Внутри церкви было пусто и гулко. Наверху, под самым куполом, были проложены леса, и на них копошились человеческие фигурки. Часть стен уже была отреставрирована, и с нее на нас неприязненно смотрели темные лики святых. Я поправила на голове платок, толкнула Яшку:
– Кепку сними…
Сергей огляделся по сторонам, задрал голову, крикнул:
– Миша! Слезай!
Одна из фигурок помахала ему рукой и неторопливо начала спускаться. Вскоре перед нами стоял толстоватый увалень лет двадцати восьми с перепачканным красками лицом. Из-под огромных очков близоруко щурились темные глаза. Он был похож на разбуженного среди зимы медвежонка, и я невольно ужаснулась: как он не боится ползать по лесам на такой высоте?
– Здравствуйте, – удивленно сказал он. Посмотрел на Сергея: – Что случилось?
Сергей представил нас, добавив:
– Это друзья Ванды. Она пропала.
– Пропала? – растерянно переспросил Миша. – Куда пропала?
– Да знали бы куда, здесь бы не торчали! – взорвался Яшка. – Что она тут у вас делала, говори!
– Не ори, – мирно посоветовал Сергей, кладя на плечо Беса руку. – Здесь храм божий…
Яшка сердито фыркнул, умолк. Миша изумленно рассматривал нас из-под очков. Затем застенчиво предложил:
– Если хотите, пойдемте ко мне. Здесь холодно разговаривать.
Я кивнула, и Миша, забавно переваливаясь, потопал к выходу из церкви.
Через несколько минут мы оказались в небольшой теплой пристройке монастыря. Миша помог мне снять дубленку, аккуратно повесил ее на торчащий из стены гвоздь и показал на табуретки. Под Яшкой хрупкая конструкция угрожающе затрещала, и Бес поспешил переместиться на фанерный ящик у стены. В углу топилась чугунная печка-буржуйка. Повсюду – на деревянном, покрытом клеенкой столе, на застланных полосатым одеялом нарах, на шкафу, полках, подоконниках – лежали книги. Присмотревшись к ним, я поняла, откуда Ванда брала свою иконописную литературу. Здесь было то же самое: «Каноны новгородской живописи», «Иконопись на Руси», «Творчество Андрея Рублева»… У окна стоял сбитый из реек мольберт, на котором была укреплена доска. Я подошла взглянуть.
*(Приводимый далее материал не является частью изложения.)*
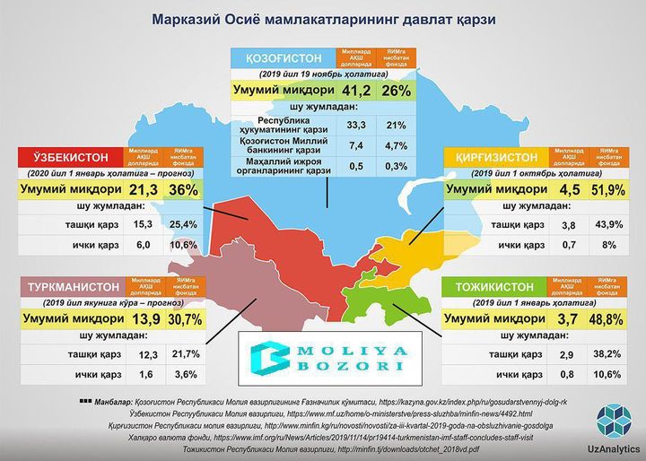 Халқаро валюта фонди ва Марказий Осиё давлатлари молия вазирликлари давлатларнинг умумий қарзлари миқдорини эълон қилди.

Незаконченная икона Спаса.
– Ты рисуешь иконы?
– Да… То есть нет… – отчего-то засмущался Миша. – Я вообще-то реставратор. Предложили поработать здесь, я согласился. Хорошая практика. Летом, если бог даст, закончим роспись храма.
– Платят хорошо? – осведомился Яшка.
– Почти ничего, – сознался Миша. – Но дают еду… и вот эту комнату. Мне хватает. Я из Серпухова, там совсем никакой работы нет.
– А родня что же – не кормит?
– Я из детдома.
– Эх ты, раб божий… Шел бы лучше на Арбат портреты мазюкать. – С утра вселившийся в Яшку дух противоречия разошелся вовсю. – Или «новым русским» потолки под Репина расписывать. Если хочешь, пристрою, знакомые есть.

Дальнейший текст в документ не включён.